If you work full time outside the home, can you bring dinner home one day a week so that there will be no cooking and little clean up? Can you go out to lunch with colleagues and friends? Take some time on the weekend that is “just for you” – it might be 15 minutes or 2 hours, but it is your time. Most caregivees can also learn to “wait their turn” if it is not a time for medical care or an emergency.

You probably also need to decrease your stress level. It will help if you take some time for yourself, eat healthy foods and exercise. Listening to music, dancing, laughing more, watching funny movies, keeping an “attitude of gratitude journal” and finding joy in caregiving are also good for your health. Some caregivers can only see the burden of caregiving while others find they learn so much from it and it brings them closer to the other person. Find your balance.

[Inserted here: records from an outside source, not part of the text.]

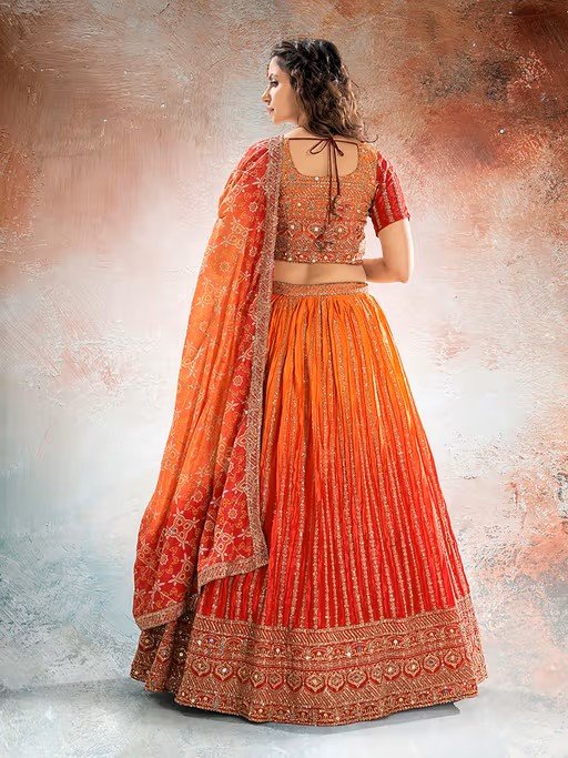 Orange Embroidered Semi Stitched Lehenga with Unstitched Blouse and Dupatta (Set of 3)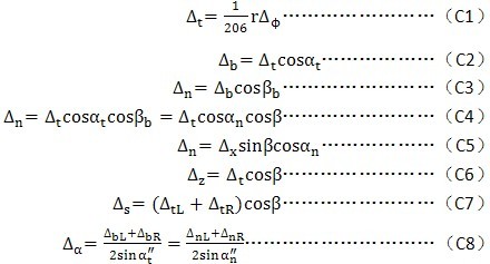 C2齿轮各项误差应按下述规定的方向计值:Δfpb、ΔFb、ΔFpX、Δffβ、ΔFw、ΔEwm、jn在齿面法线方向计值;ΔFi′、Δfi′、ΔFp、ΔFpk、Δfpt、ΔFβ、ΔFic′、Δfic′、jt在分度圆切线方向计值;Δff在基圆切线方向计值;ΔFr、ΔFi″、Δfi″、ΔEα″和ΔEH在双侧齿面径向计值;ΔEs在双侧齿面分度圆螺旋线的法线方向计值。
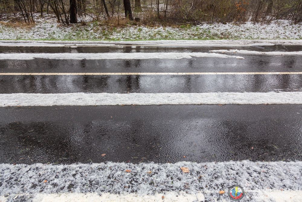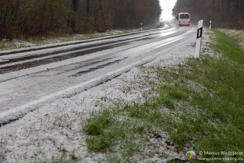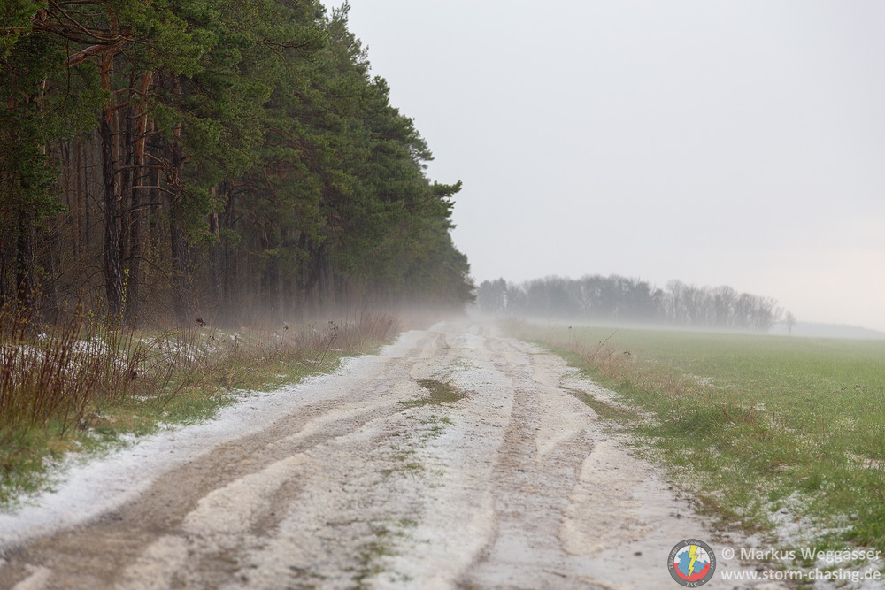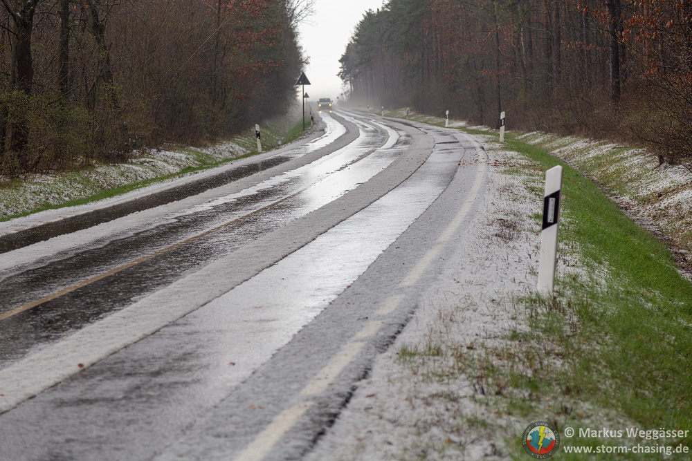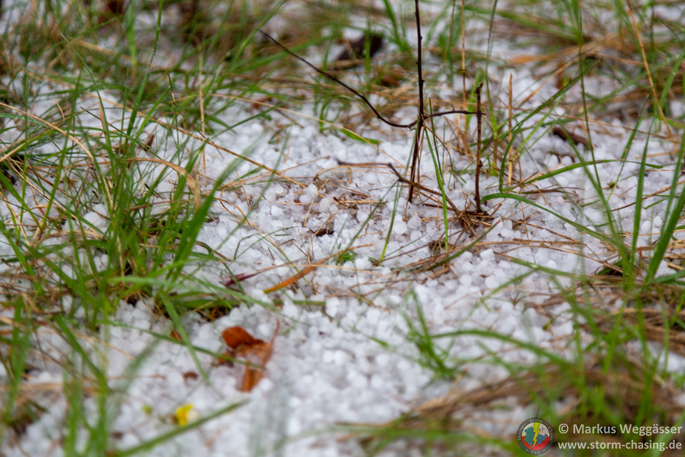 Von dort aus fuhren wir der Zelle noch über Marlishausen hinterher. Auf der Landstraße zwischen Marlishausen und Hohes Kreuz hat es auf einem kleinen Teilstück eine fast geschlossene Decke aus Graupel und kleinem Hagel gegeben. Felix meldete aus Marlishausen bereits Körner um 1cm.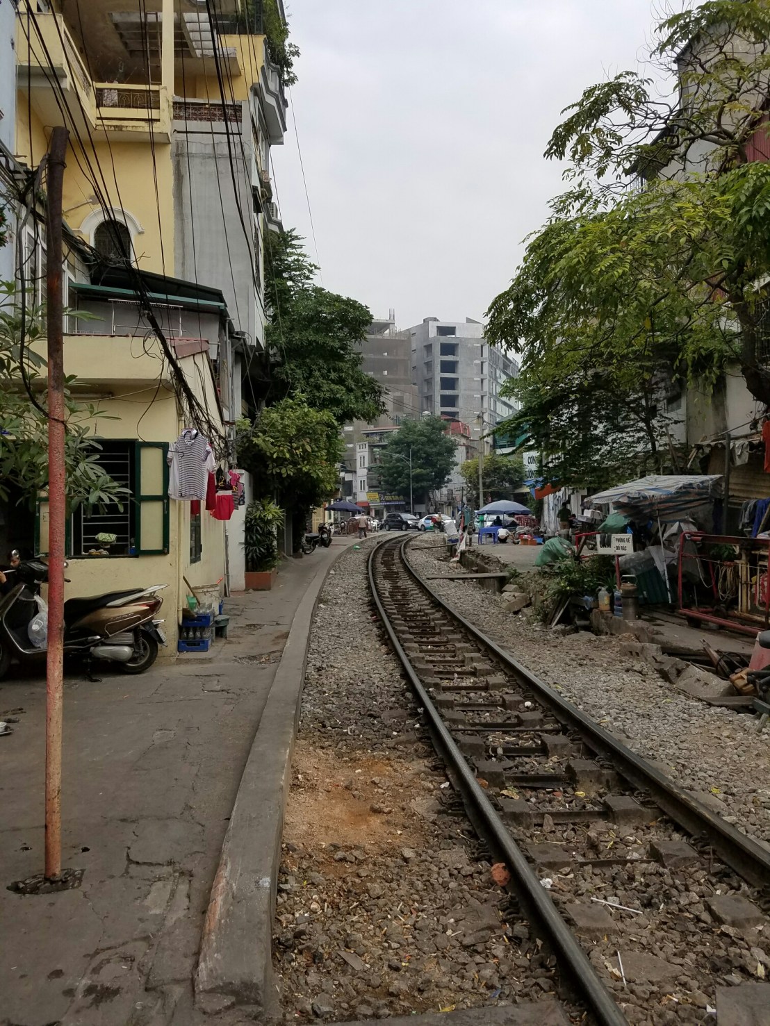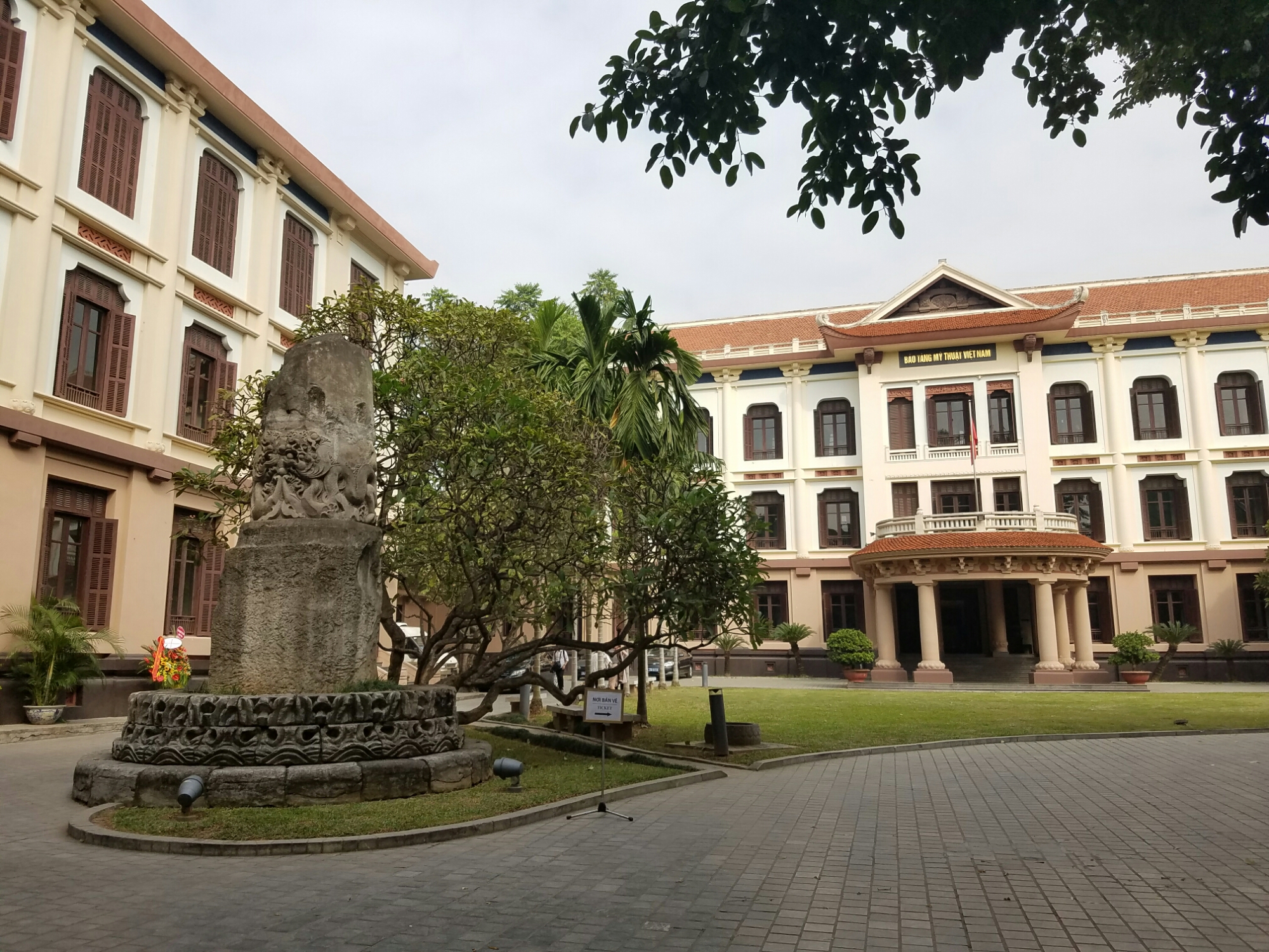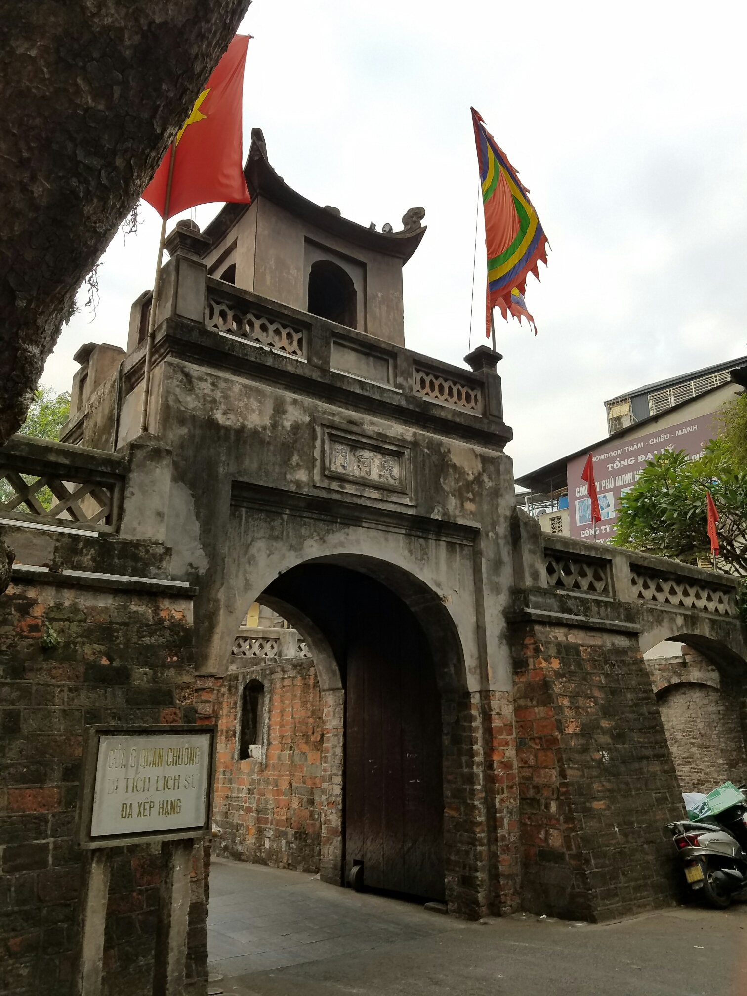 Pretty close to my hostel is an (the only) original section of city gateI was here pretty early, usually its crawling with touristsIm constantly reminded of the ruling political partyThere were blocks of folks selling fake flowersThis neighborhood is focused on building materialsI’m surprised and pleased that so many trees are left on the streets.Looks fancy, right? Well, it’s a prison built by the French to brutally punish political prisoners in their occupation of Vietnam

Caregivees (Those who receive the love, support and assistance from the caregiver)

You may feel angry at times about what your caregiver spouse can still do that you can’t. But please don’t take it out on him/her. Kidney disease is a family disease and everyone is affected. It may change some of the hopes and dreams of all family members. It may add new opportunities that were never expected. You have an equal opportunity to find the positives as well as the negatives of your situation. Embracing what you learn as well as what you gain will serve you better than the potential anger and negativity. And recognize the worth of your caregiver and make sure you show it!

You can:

  • Give a homemade “thank you card for all you do”
  • Make a date for a night out or an afternoon out to remember that your spouse is more than your caregiver;
  • Use your manners – caregivers like to hear please and thank you;
  • Do something special for your caregiver
  • Fix a meal for your caregiver
  • Watch a movie together
  • Go for a walk together
  • Do a jigsaw puzzle together
  • Play a computer game together
  • Do something with a friend or other family member so your caregiver can have “time to go out” with a friend too
  • Try not to ask your caregiver for something the minute he/she sits down to read or rest.

The DPC Education Center recognizes the importance of family caregivers. Living with chronic kidney disease as well as being a caregiver offer challenges and opportunities. People living with kidney disease need to understand the input of the caregivers. And, learning about kidney disease, understanding the physical and emotional aspects of caregiving, and receiving support are important for the caregivers.